# Exact crank sync setup question



## Rmabus (Jun 12, 2012)

So I was thinking last night. for balance sake it would make great since to have both pedals roughly in the same position, but I was wondering if anyone has played with the little differences in order to see if one person can offset the dead spot in the others crank motion. Any thoughts on this?


----------



## Okayfine (Sep 7, 2010)

It's been done by some. I've found that offsetting the cranks even one tooth from the stoker results in issues when we stand and coast - someone's pedals won't be flat, and that can be uncomfortable. Also when we start my stoker resets the cranks parallel with the ground and with my dominant pedal forward. When we had the cranks offset it resulted in my pedal being higher than is comfortable to start out on.

We noticed both of those issues, but never really came to an agreement on if/what we noticed as far as the dead spot. We went back to synced and my stoker just offers a "smooth" when I start mashing.


----------



## Fleas (Jan 19, 2006)

180* out of phase worked - that is, we made it work, but that's about it.

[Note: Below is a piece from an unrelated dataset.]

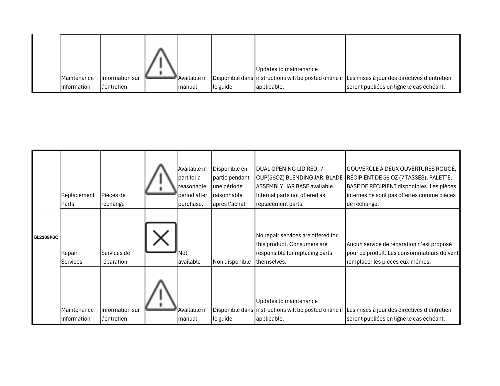 BASE DE RÉCIPIENT disponibles. Les pièces internes ne sont pas offertes comme pièces de rechange. Repair Services Services de réparation Not available Non disponible No repair services are offered for this product. Consumers are responsible for replacing parts themselves. Aucun service de réparation n’est proposé pour ce produit. Les consommateurs doivent remplacer les pièces eux-mêmes. Maintenance Information Information sur l’entretien Available in manual Disponible dans le guide Updates to maintenance instructions will be posted online if applicable. Les mises à jour des directives d’entretien seront publiées en ligne le cas échéant.Bl2209Pbc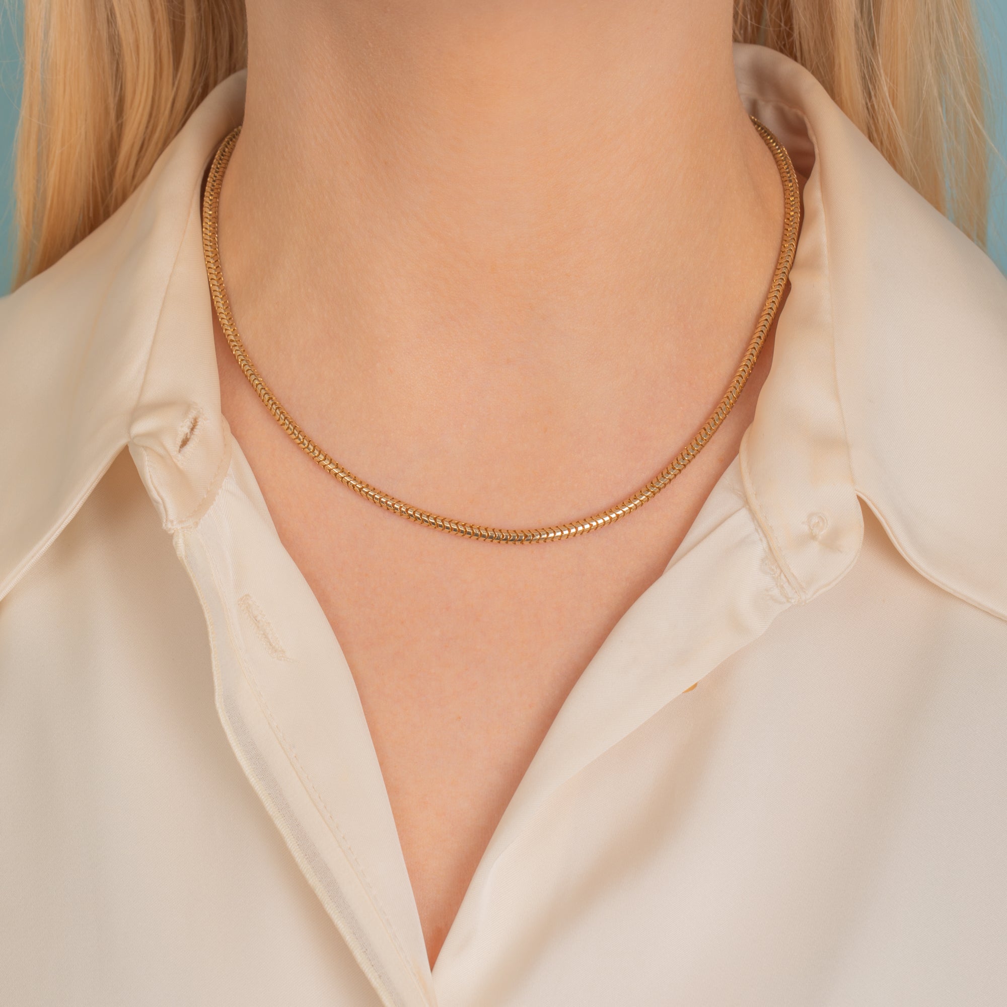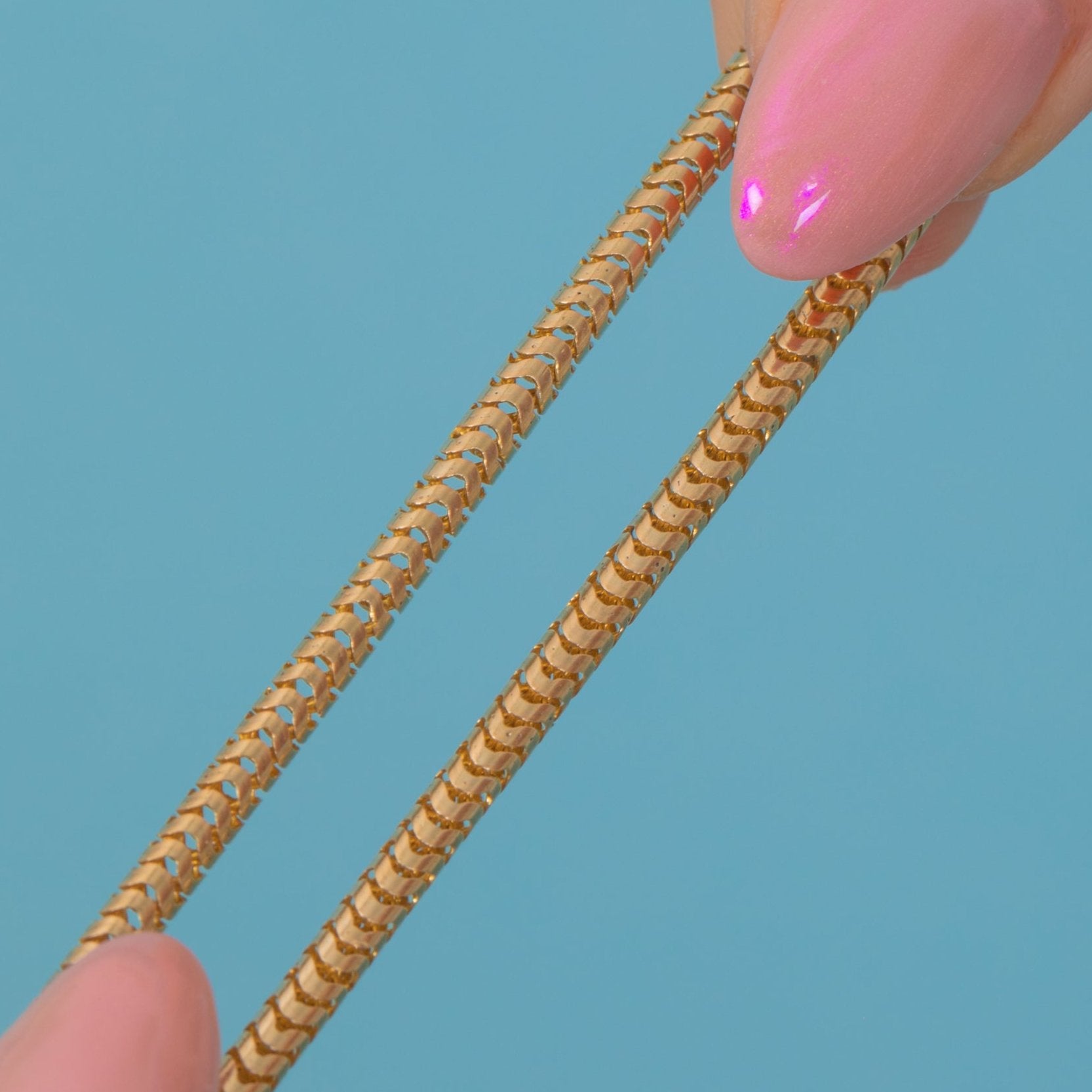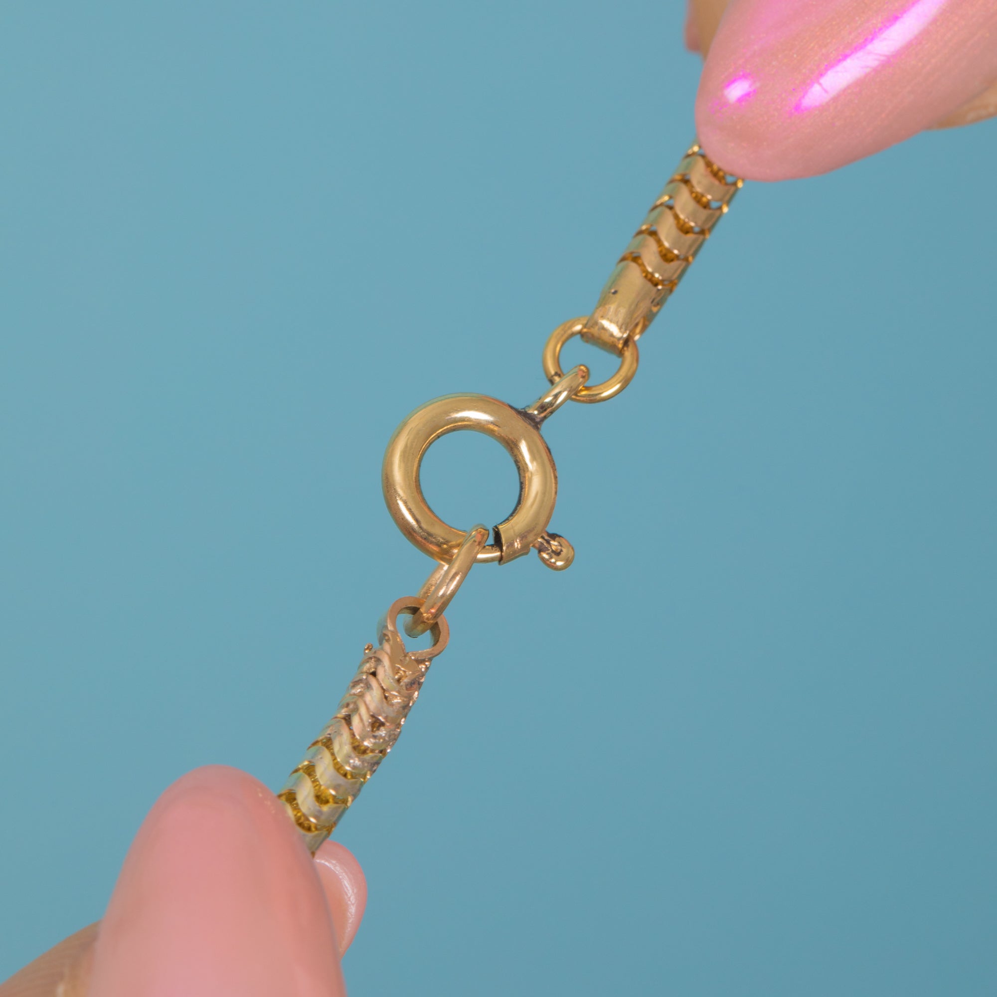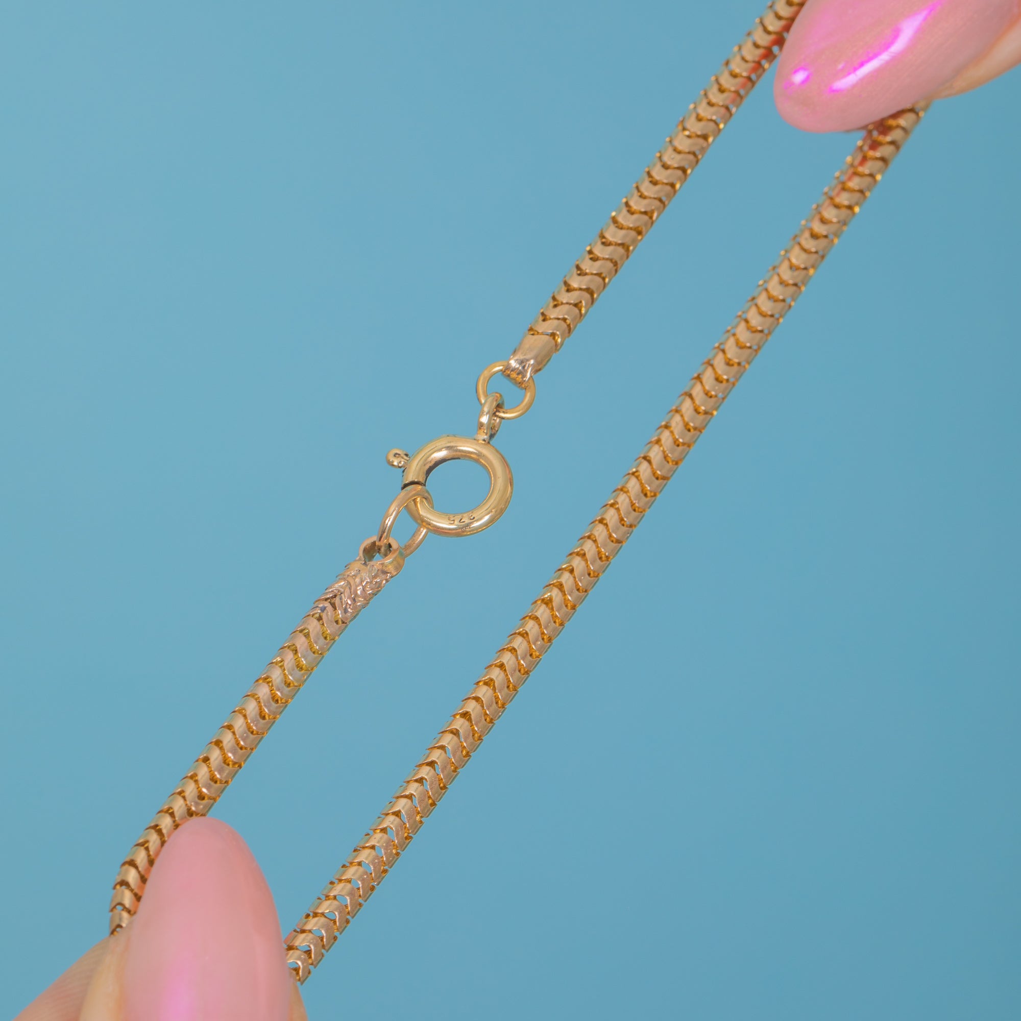 The epitome of elegance and sophistication, this silky 16" antique 9ct Gold snake chain will make a fine addition to your collection! Each delicate 9ct Gold link intertwines gracefully, mimicking the sleek movement of a serpent and feels chic and sensual against the skin.

Maybe those DaVinci folks know more about this.

-F


----------



## phill77 (Aug 31, 2008)

We have tried 90 deg, 180 deg and just a few teeth out of sync.
90 o.o.s was best on the road because my wife prefers to coast with one leg down, and it felt like she was able to make more of a contribution to the power input (I am a much stronger rider). It was a real pain off road though because of ground clearance. 
A couple of teeth o.o.s seemed to make a noticeable difference, but it made for slightly awkward starting and stopping.
We always go back to in phase whenever we have played about with this stuff.

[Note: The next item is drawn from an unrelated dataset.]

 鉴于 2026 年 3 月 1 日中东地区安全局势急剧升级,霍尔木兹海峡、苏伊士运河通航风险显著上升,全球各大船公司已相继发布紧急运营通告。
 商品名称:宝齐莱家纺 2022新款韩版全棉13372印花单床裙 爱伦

My wife is a bit of a gear masher compared to me so I would love to try an independent pedaling setup with different gear ratios for front and rear.


----------



## PMK (Oct 12, 2004)

phill77 said:


> We have tried 90 deg, 180 deg and just a few teeth out of sync.
> 90 o.o.s was best on the road because my wife prefers to coast with one leg down, and it felt like she was able to make more of a contribution to the power input (I am a much stronger rider). It was a real pain off road though because of ground clearance.
> A couple of teeth o.o.s seemed to make a noticeable difference, but it made for slightly awkward starting and stopping.
> We always go back to in phase whenever we have played about with this stuff.
> ...


Never rode a Davinci so I may be speaking improper...ICS, by them is Independent Coasting System,

I believe the real benefit would be as you mention. Independent Cadence System with the bonus of independent coasting.

@ the OP, road tandem captain is 2 teeth advanced, off-road synchronized,

PK


----------



## AUSSIE ECdM (Jul 15, 2012)

*Oos*

My wife and I have been tandem riding together for more than 20 years. A long time ago, we set our pedals OOS with stoker 90' behind the captain stroke. For us, this creates a much smoother ride especially on the road and cruisy off road stuff. If we ever drop a chain and reset the cranks in sync, we only travel a couple of revolutions, then stop and reset 90' OOS! Also, any time we hire or ride another tandem, we always change the pedals to our 90' OOS preferred system, otherwise we dislike the chug chug of the full power coming through. On the other hand, our Schwinn Beachcruiser tandem allows either rider to freewheel-and that is a strange feeling cheers Tim


----------



## giff07 (Jun 7, 2010)

We have tried some "phase shifting on the road and found it not beneficial to our style of riding. We settled for a while at 2 teeth Out ,captain leading and eventually went back to "in phase" as out of phase affected our ability to stand and attack. On the Ventana it is strictly in phase so I know where the pedals are for log overs or other obsticles. As stated previously , its only a sucessful manuveur when her pedal don't hit!
Ed and Pat Gifford 
the Snot Rocket tandem


----------



## Rmabus (Jun 12, 2012)

Thanks for the input all. Interesting feedback.


----------



## reamer41 (Mar 26, 2007)

We've been riding two teeth out for several years. Joyce always felt I was "stealing the pedal stroke" when we were in phase. We experimented with her leading, me leading,1, 2, & 3 teeth out. 

Road tandem is a fairly new addition and we haven played with than one yet. I thing we'll try 90degrees out.


----------